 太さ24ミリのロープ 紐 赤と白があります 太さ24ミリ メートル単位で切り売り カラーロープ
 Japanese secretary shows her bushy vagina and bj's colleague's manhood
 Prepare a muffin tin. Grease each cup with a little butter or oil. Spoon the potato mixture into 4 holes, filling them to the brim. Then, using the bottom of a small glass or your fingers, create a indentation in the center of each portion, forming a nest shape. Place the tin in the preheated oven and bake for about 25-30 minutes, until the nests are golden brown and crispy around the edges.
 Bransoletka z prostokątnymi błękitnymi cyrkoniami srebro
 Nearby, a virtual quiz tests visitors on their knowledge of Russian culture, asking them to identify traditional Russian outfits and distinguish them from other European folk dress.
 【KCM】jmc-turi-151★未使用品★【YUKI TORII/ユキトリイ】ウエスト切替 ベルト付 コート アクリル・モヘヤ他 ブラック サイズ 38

--------

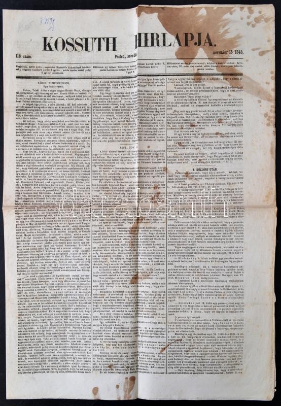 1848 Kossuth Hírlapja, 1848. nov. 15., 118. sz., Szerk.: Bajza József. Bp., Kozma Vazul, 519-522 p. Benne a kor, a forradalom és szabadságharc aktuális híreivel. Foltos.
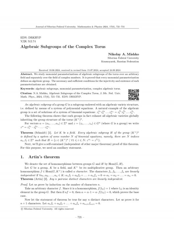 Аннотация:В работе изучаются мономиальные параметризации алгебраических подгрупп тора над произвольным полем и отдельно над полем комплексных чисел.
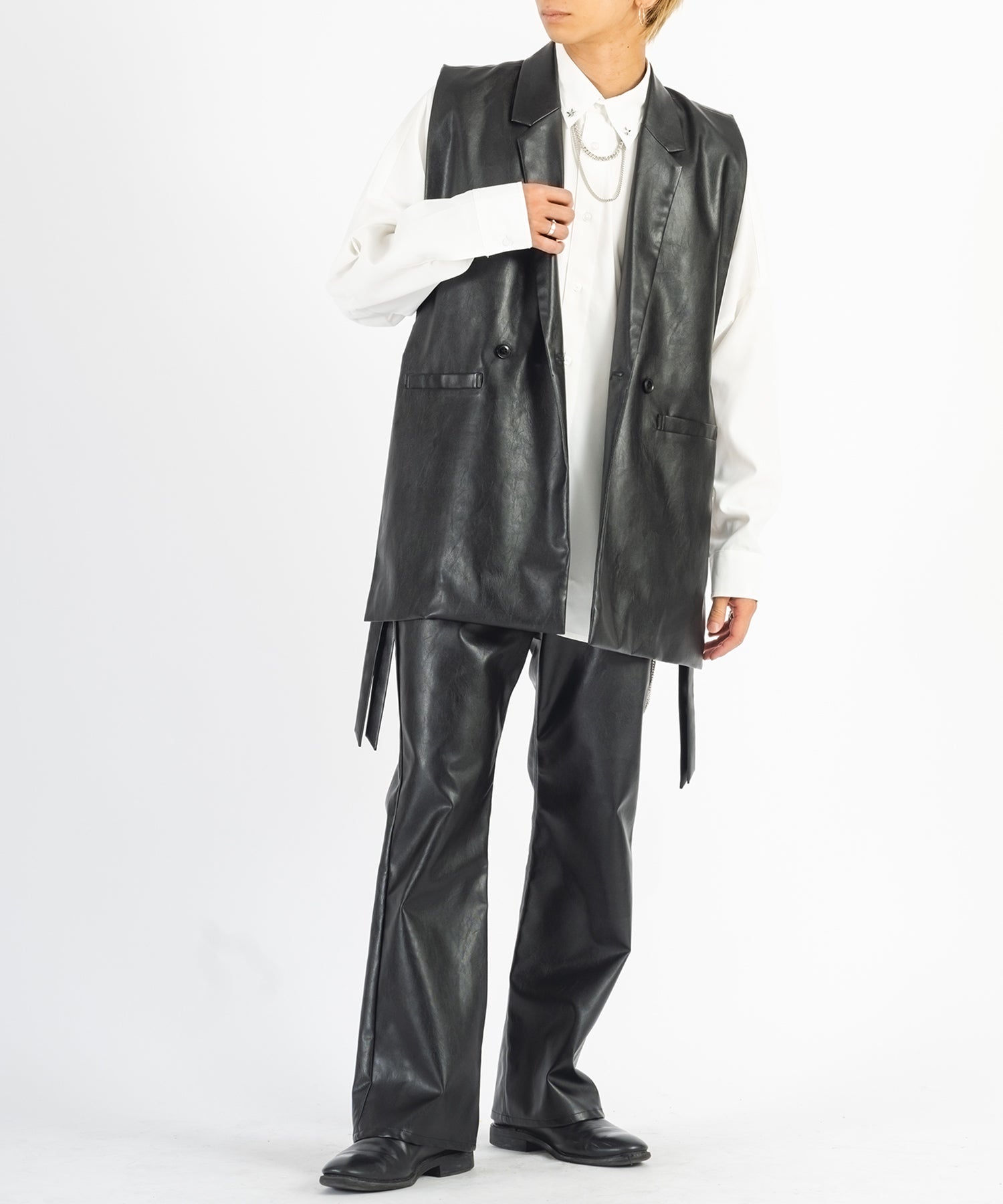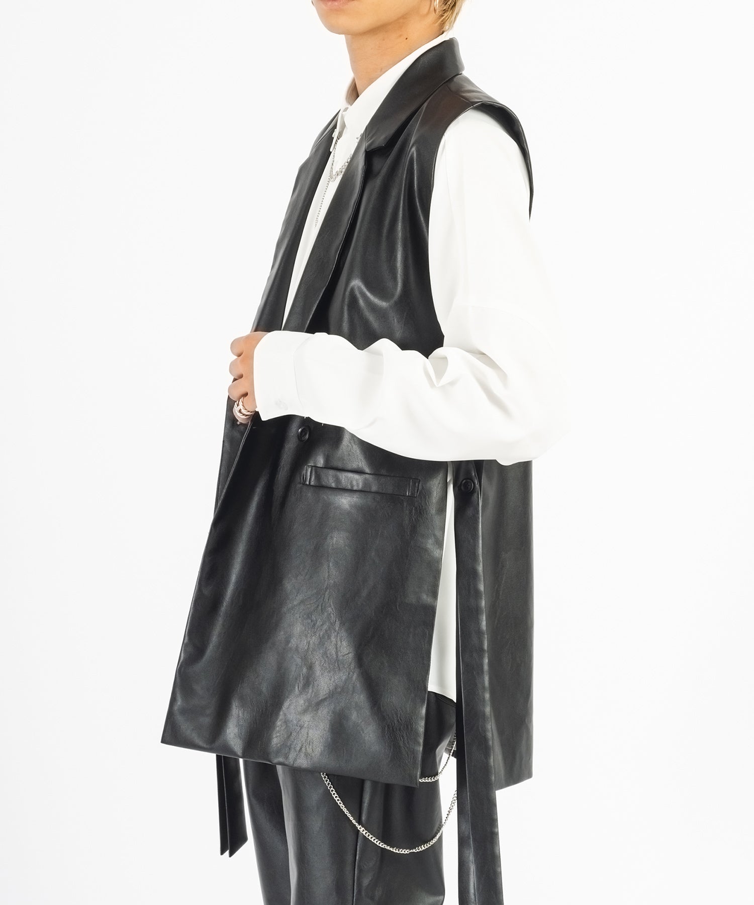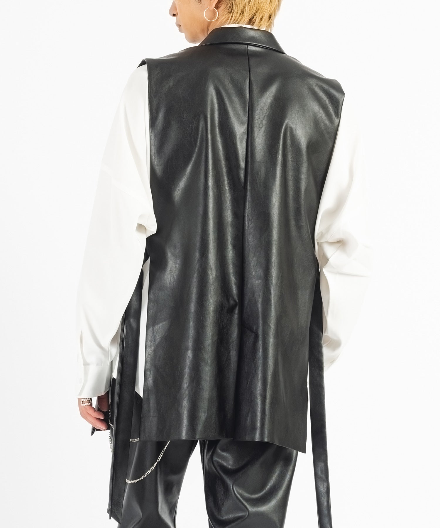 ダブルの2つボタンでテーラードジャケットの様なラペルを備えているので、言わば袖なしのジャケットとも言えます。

--------

* Problem to solve
Your answer should consist only of the lines above between the line holding "太さ24ミリのロープ 紐 赤と白があります" and the line holding "Japanese secretary shows", inclusive, each transcribed exactly.

* Task result
 太さ24ミリのロープ 紐 赤と白があります 太さ24ミリ メートル単位で切り売り カラーロープ
 Japanese secretary shows her bushy vagina and bj's colleague's manhood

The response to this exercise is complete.